··· Material for this task ···

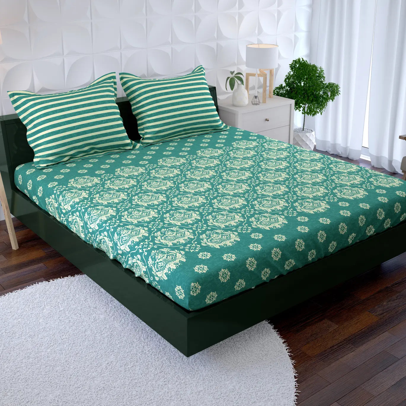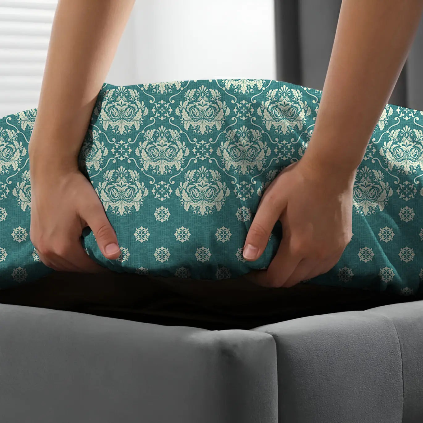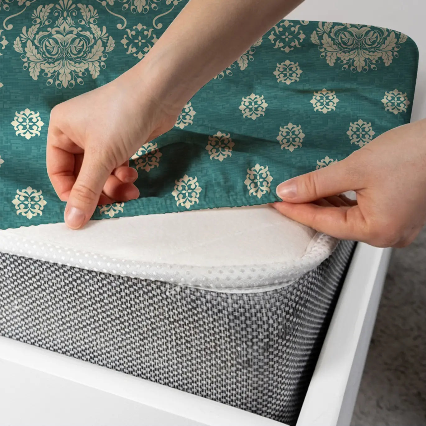 Indulge in comfort with our Fitted Bed Sheet Set in a soothing Teal/Turquoise on Cream/Beige design, crafted from premium Xara fabric. This soft cotton blended (poly cotton) set offers a perfect blend of style and durability, making your bed a cozy retreat. With its breathable material and elasticized corners, it promises a snug fit and easy maintenance. Upgrade your bedding collection with this chic and inviting design that complements any decor.
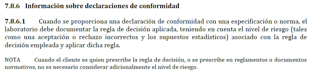Al mismo tiempo, la nueva versión de la norma ISO IEC 17025:2017 indica que no existe una única regla de decisión de conformidad que pueda cubrir todas las aplicaciones posibles.
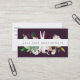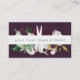 Fleurs violettes en ivoire blanc et prune foncé modernes avec feuillage vert luxuriant orné de ciseaux de salon blanc, design de logo, cartes de rendez-vous. La couleur du texte et le style de police peuvent être customisés. Modèle de design professionnel avec plusieurs lignes pour vos informations. La carte comporte des lignes pour les informations de rendez-vous., y compris le nom, le jour de la semaine, la date et l'heure.
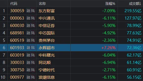 早间黄线上穿白线,主要得益于以零售板块为代表的大消费走强。中百集团高开高走,快速走出6连板。龙头股永辉超市一度涨停,收盘时也是成交额TOP10中唯一收涨个股。
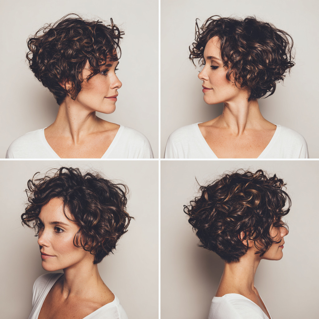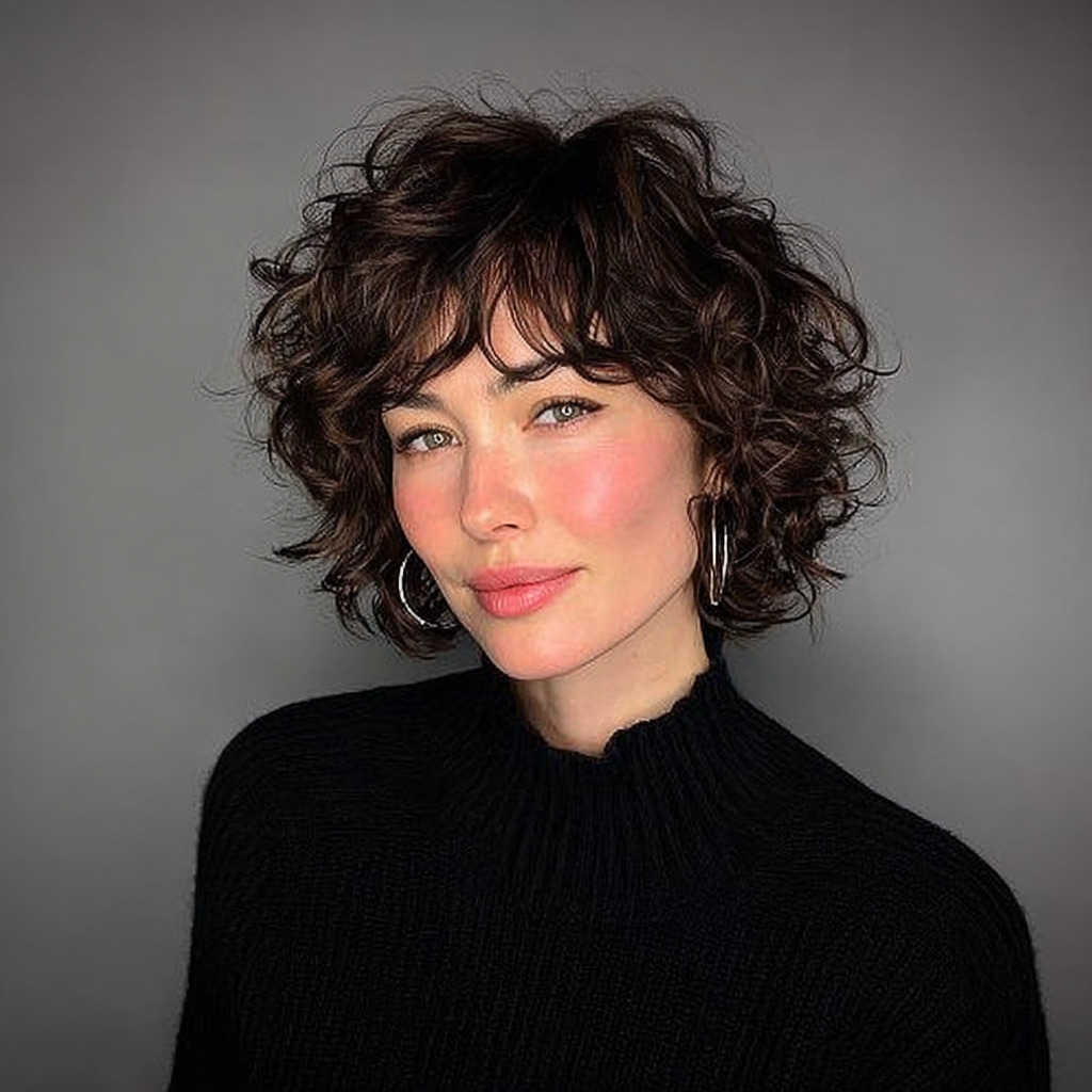 Soft curls and short layers combine to create a bouncy, romantic hairstyle. The shape keeps your curls defined while preventing too much bulk. It’s ideal for women who want volume without heaviness. A bit of curl cream will make your texture shine naturally.
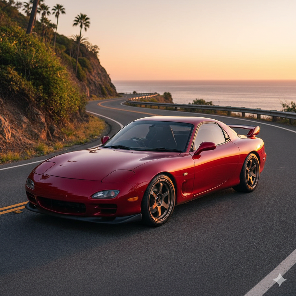 平成のスポーツカー黄金期において、三菱とスバルが「速さ」を競い合っていた横で、マツダは「美しさ」と「理想」を追い求めていました。それが、アンフィニ RX-7、のちのマツダ RX-7 (FD3S型)です。

···

◆ **Aim of the task**:
Only the lines from the start of the records above through the line containing "Al mismo tiempo, la" should be returned, exactly and with both ends, please; the pictures stay out.

◆ **The answer**:
 Indulge in comfort with our Fitted Bed Sheet Set in a soothing Teal/Turquoise on Cream/Beige design, crafted from premium Xara fabric. This soft cotton blended (poly cotton) set offers a perfect blend of style and durability, making your bed a cozy retreat. With its breathable material and elasticized corners, it promises a snug fit and easy maintenance. Upgrade your bedding collection with this chic and inviting design that complements any decor.
Al mismo tiempo, la nueva versión de la norma ISO IEC 17025:2017 indica que no existe una única regla de decisión de conformidad que pueda cubrir todas las aplicaciones posibles.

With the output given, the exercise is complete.